Although I do agree with Bob that a look to see the condition of pistons and cylinder walls should be done, let me caution you that once you start to address one section of the engine, you will be drawn to all others. If your cylinders are not scored, do you not check for roundness and replace the rings? If you put new rings in, should you not replace the rod bearing at the same time? The point is you either decide to rebuild the engine or don’t and a good rebuild will not be cheap or simplistic.
However, that being said, you can address specific isolatable sections of the engine for specific conditions. The valve train can be isolated and addressed for excessive oil leaks, the timing chain and tensioner for being stretched, and the installation of a rear oil seal can be performed without entering into a full rebuild.
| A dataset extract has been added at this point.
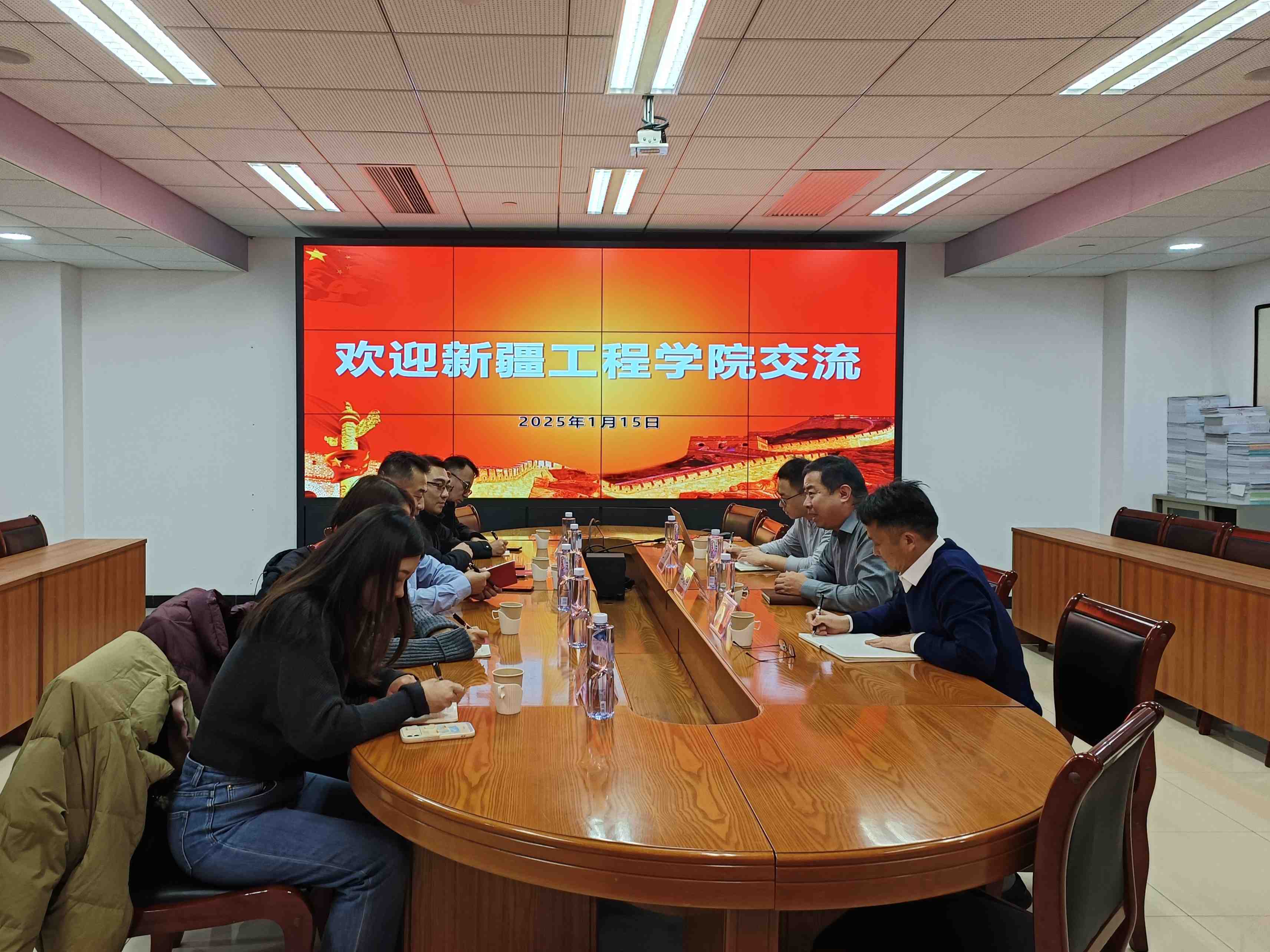 1月15日下午,新疆工程学院后勤综合服务中心党总支书记、主任靳登明同志等一行5人来我校调研交流。中国石油大学(北京)后勤管理处处长王英国、副处长刘凌参加交流会。

But, don’t expect limiting yourself to stay behind the line will be easy, especially with your Vision of your total redo in your mind.
Since your compression numbers seem respectable and with no presented issues on your 1000Km road trip, it sounds to me that your base-line issue comes down to available funds. If you have the available funds at this time then a full rebuild is both reasonable and opportunistic with the engine already coming out of the car. Without excess funds, then addressing the obvious components is reasonable. These engines have, and will, last quite long and I presume you will not be using your car to commute 100 miles one way to work each day.
Either way you decide, I suggest you develop a cost projection for a full engine rebuild that includes both replacement parts and services. This exercise will give you a clear cost and time estimate, including trade-offs and recommendations, and allow you to put clarity to a real decision.